### Exercise directions
Don't include pictures. Quote the lines below from the first through the line that contains "トレイルでは濡れたレンウェア".

### Recorded information
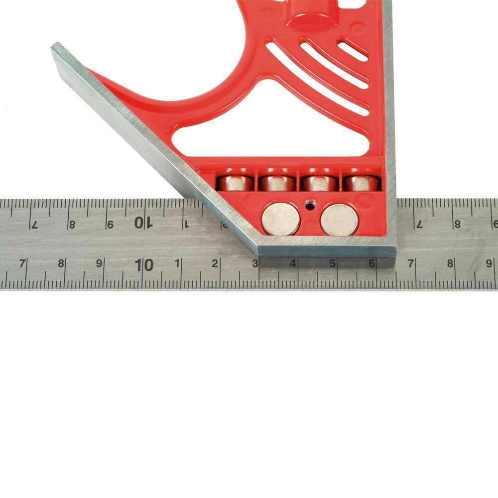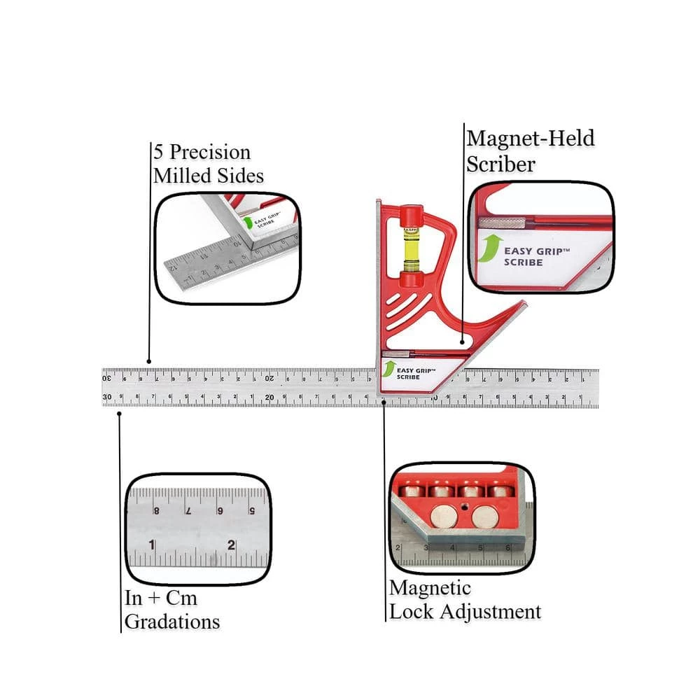 The Magnetic Combination Square includes a magnetic lock adjustment stainless steel, permanently etched ruler markings in inches and centimeters. Provides 5 milled sides for superior accuracy. Includes easy grip magnet-held stainless steel scribe and belt holster.
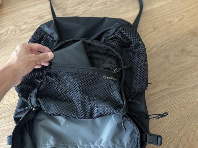 トレイルでは濡れたレンウェアを入れておけますし、筆者はすぐに取り出したいポーチ類やサングラス、上着などを入れています。
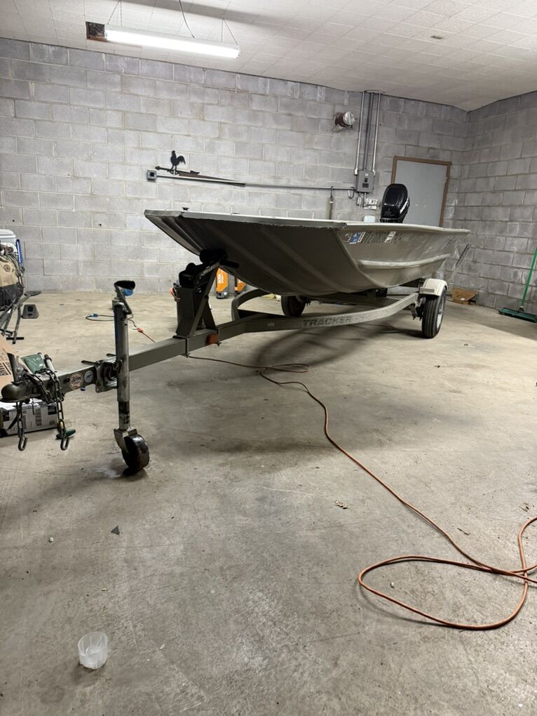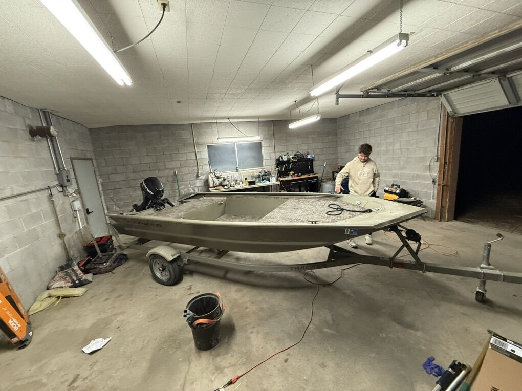 VenmoTracker Grizzly 1448 w/ Welded Pods & 2012 Mercury 9.9 Pro Kicker – Low Hours Great running setup and ready for the water no holes or leaks Tracker Grizzly 1448 with professionally welded pods for added stability. Powered by a 2012 Mercury 9.9 Pro Kicker with extremely low hours. Includes transom saver. This boat was previously set up for duck hunting and bowfishing. The lights have been removed (as shown in photos), but wiring is still there. It has foam decking, though it could use a refresh if you want it perfect. Foam flooring was removed to reduce weight. Recent Maintenance: Motor fully serviced New impeller New gas tank Lower unit gear oil changed Engine oil changed Trailer bearings redone Tires rotated Trailer lights work properly. Interior lights are installed but will need a battery to operate. Tires are in good condition. Clean setup overall and runs strong. $6700 OBO Open to trades — let me know what you have. Titles for both boat and trailer in hand. I also have additional videos of the motor running and lights working — just message me if you’d like to see them.has been a awesome boat will be sad to see it go Tracker grizzly Jon boat duck boat fishing boat bow fishing boat
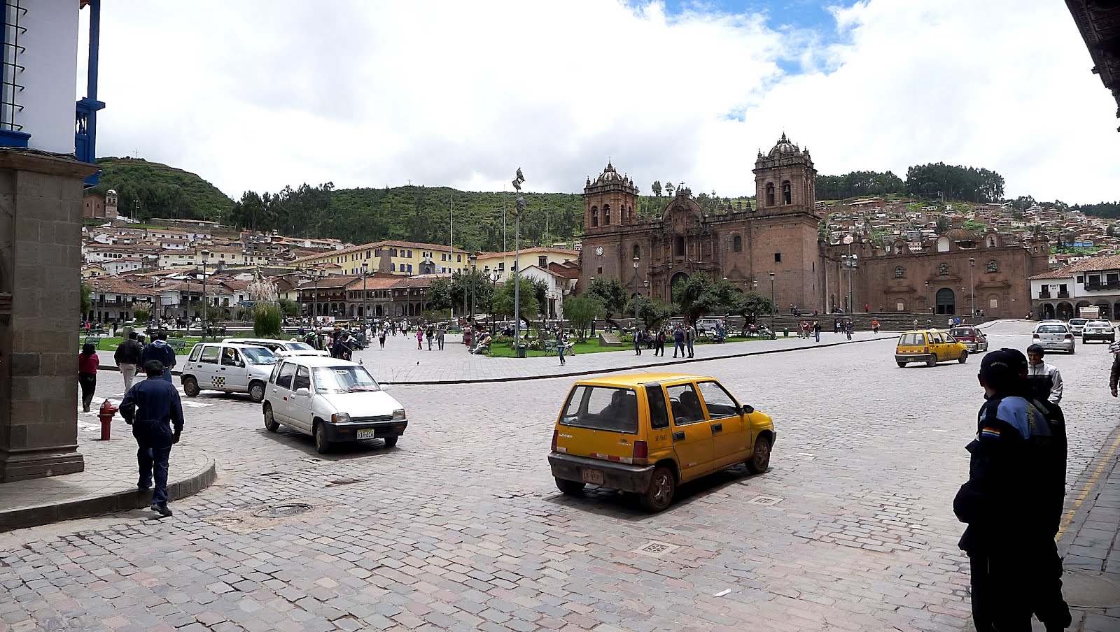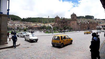 På en av bilderna, med katedralen, syns huvudtorget, Placa del Armas, i Cusco. De två andra visar två av Juliacas sämre sidor.

### Answer space
 The Magnetic Combination Square includes a magnetic lock adjustment stainless steel, permanently etched ruler markings in inches and centimeters. Provides 5 milled sides for superior accuracy. Includes easy grip magnet-held stainless steel scribe and belt holster.
 トレイルでは濡れたレンウェアを入れておけますし、筆者はすぐに取り出したいポーチ類やサングラス、上着などを入れています。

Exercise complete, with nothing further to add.